Hume was 21 years old when he died and his fiancée, Mary Costin, was pregnant with his child, a daughter named Johnann Hume Costin. His body was recovered by the CS Mackay-Bennett, and was passed into the care of John Henry Barnstead who arranged for his burial in grave 193 of the designated Titanic plot at Fairview Lawn Cemetery, Halifax, Nova Scotia, Canada, on 8 May 1912. A memorial was erected for Hume and Thomas Mullin (third class steward) in Dock Park, Dumfries.

Hume and the other members of Hartley's orchestra all belonged to the Amalgamated British Musicians Union and were employed by a Liverpool music agency, C. W. & F. N. Black, which supplied musicians for Cunard and the White Star Line.
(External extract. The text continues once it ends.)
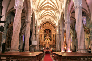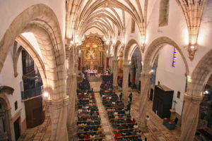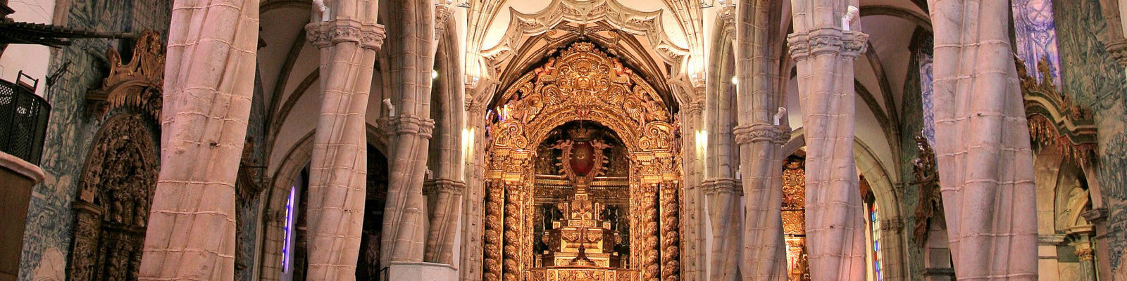 n tres naves por ocho formidables columnas torsas que parecen evocar los calabrotes de un navío. El francés Boytac, y tal vez Diego o Francisco de Arruda, fueron los creadores de este espacio mágico donde el espíritu se siente envuelto por un movimiento que es también reposo. Presenta asimismo retablos de talla dorada del XVIII, retablos neoclásicos en mármol de colores y azulejería historiada.

On 30 April 1912, Hume's father, Andrew, received the following note from the agency:

Dear Sir:

We shall be obliged if you will remit us the sum of 5s. 4d. [five shillings and sixpence], which is owing to us as per enclosed statement.

We shall also be obliged if you will settle the enclosed uniform account.

Yours faithfully,

C. W. & F. N. Black

The letter caused controversy at the time when it was reprinted in the Amalgamated Musicians Union's monthly newsletter. Andrew Law Hume decided not to settle the bill.

In April 1914, John W. Furness, the violinist of the Canadian liner made a pilgrimage with Anglican Church officials to visit the grave of John Law Hume at the Fairview Lawn Cemetery and pay his respects. Furness himself died few weeks later when Empress of Ireland sank on 29 May 1914.

=== Georges Krins ===

Georges Alexandre Krins (18 March 1889 – 15 April 1912) was a Belgian violinist. Born on 18 March 1889 in Paris, France, his family was from Belgium, and soon after his birth they moved back there to the town of Spa. He first studied at Academie de Musique de Spa. He then moved to the Conservatoire Royal de Musique in Liège, Belgium, where he studied from 30 October 1902 until 1908, when he won first prize for violin, with the highest distinction.

As a young man he wanted to join the army; however, his parents persuaded him otherwise. He worked in his father's shop and played in La Grande Symphonie, Spa, and in 1910 he moved to Paris to be first violin at Le Trianon Lyrique. He subsequently moved to London and played for two years at the Ritz Hotel until March 1912. He lived at 10 Villa Road, Brixton, London and became bandmaster of the Trio String Orchestra, which played near the Café Français. This led to his being recruited by CW & FN Black, Liverpool to play on the Titanic.

He boarded the Titanic on Wednesday 10 April 1912 in Southampton. His ticket number was 250654, the ticket for all the members of Hartley's orchestra. His cabin was second class, and he was the only Belgian musician aboard the Titanic. After the Titanic began to sink, Krins and his fellow band members assembled in the first class lounge and started playing music to help keep the passengers calm. They later moved to the forward half of the boat deck, where they continued to play as the crew loaded the lifeboats. Krins was 23 years old when he died. His body was never recovered.

=== Percy Taylor ===

Percy Cornelius Taylor (20 March 1872 – 15 April 1912) was an English pianist, born in Hackney, London, though he spent most of his life living south of the River Thames, in Peckham. He was the son of Martin Taylor and Emily Wheeler. His father was a printer and compositor who came from Yorkshire while his mother was born in London.

Taylor married Clara Alice Davis (née Talbot), a music hall artist under the name Clarissa Talbot, on 20 May 1906 in Christ Church, Lambeth. He gave his occupation at the time as an accountant. This was her second marriage, her first husband having died two years after they married. It is likely the couple became estranged by 1911 as she was back living with her parents while his whereabouts were not known.

It is unclear when Taylor began his career as a musician but there are records of a pianist named "Percy C. Taylor" as early as 1894. Titanic was likely his first ship that he ever performed on. In the early stages of the sinking, there is some evidence which suggests that the band played near the top of the forward grand staircase were there was a piano, before moving outside; even in this scenario, only one pianist would have been needed. It is likely that Taylor and the other pianist, Brailey, participated on other instruments.

Taylor died in the sinking. His body, if recovered at all, was never identified.

=== John Woodward ===

John Wesley Woodward (11 September 1879 – 15 April 1912) was an English cellist. Born in West Bromwich on 11 September 1879, he was the youngest of ten children born to Joseph and Martha Woodward.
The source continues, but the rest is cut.